Flynn chciałby, aby seria zachowała „tożsamość podobną do Neverwinter Nights” i skupiała się bardziej na graczach PC - przede wszystkim przez wsparcie modów. Zdradził też, że Neverwinter Nights projektowano z myślą o tym, by każdy fan mógł zrobić z grą to samo, co deweloperzy, choćby tworzyć nowe światy, pisać scenariusze czy tworzyć własne przygody.

Dragon Age Origins miało z kolei pewien kryzys tożsamości, a twórcy początkowo nie byli pewni, w jakim kierunku podąży produkcja. Ostatecznie gra zadebiutowała z zestawem narzędzi moderskich, ale kolejne odsłony serii porzuciły ten trend, co były szef BioWare uważa za błąd i coś, co w przyszłości powinno się zmienić.

Żałuję, że nie trzymaliśmy się tego pomysłu.
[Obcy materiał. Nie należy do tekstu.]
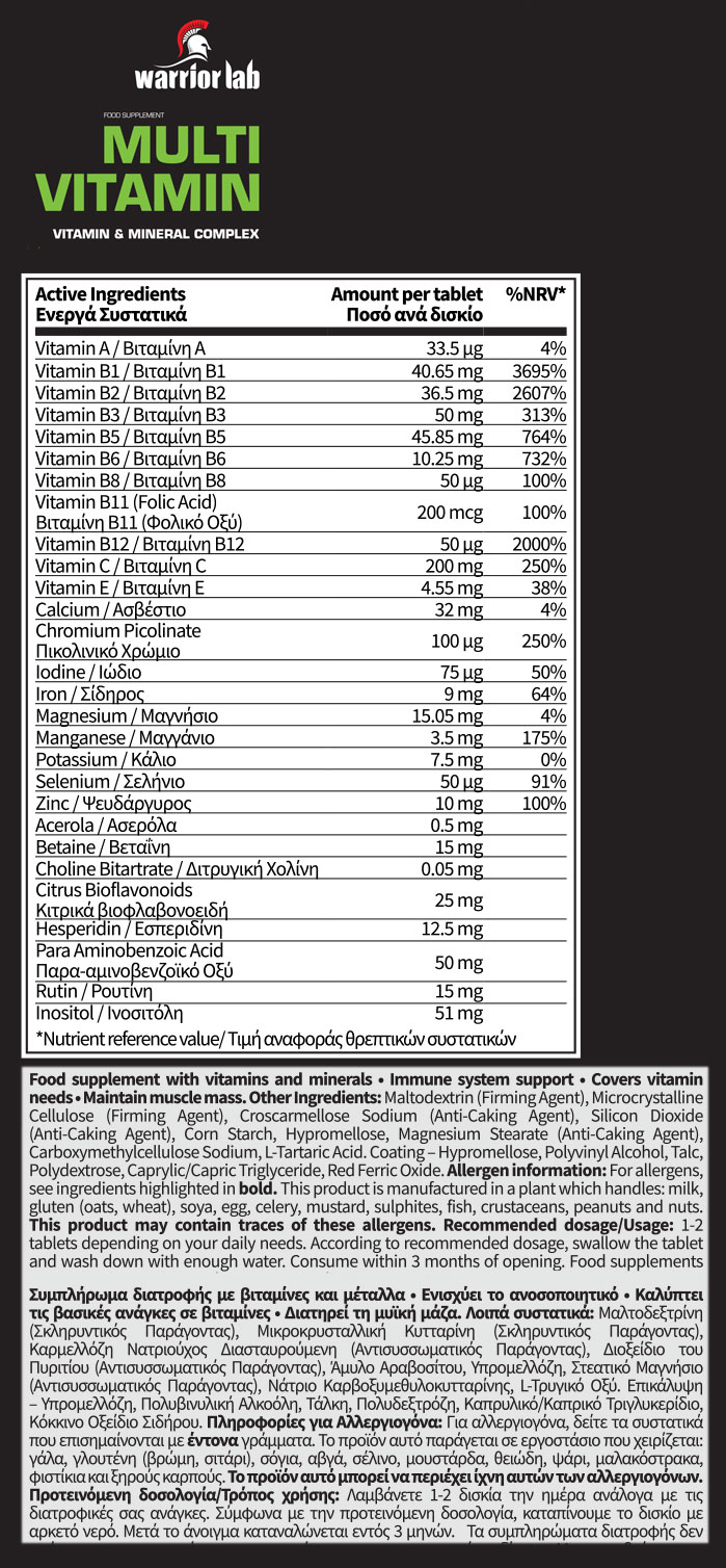 Με τη Multivitamin της Warriorlab, το σώμα γεμίζει “καύσιμα” για να λειτουργεί στο μέγιστο. Από τις πρώτες μέρες παρατηρείς περισσότερη ενέργεια, λιγότερη κόπωση και καλύτερη απόκριση στα υπόλοιπα συμπληρώματα.

Niestety, powiedziałbym, że pomiędzy Mass Effect a Dragon Age nasze gry stały się zbyt jednorodne. Żałuję, że w Dragon Age nie koncentrowaliśmy się bardziej PC, jak w przypadku Neverwinter Nights” - zdradził Aaryn Flynn.

Spory udział w takim stanie rzeczy było przejście na silnik Frostbite, co miało w założeniach ujednolicić narzędzia stosowane przez deweloperów, ale jednocześnie mocno ograniczyło możliwości moderów. Flynn nie pracuje już w BioWare i mało prawdopodobne jest, że nadchodzące Dragon Age Dreadwolf stanie się bardziej przyjazne moderom, choć z pewnością byłaby to miła niespodzianka.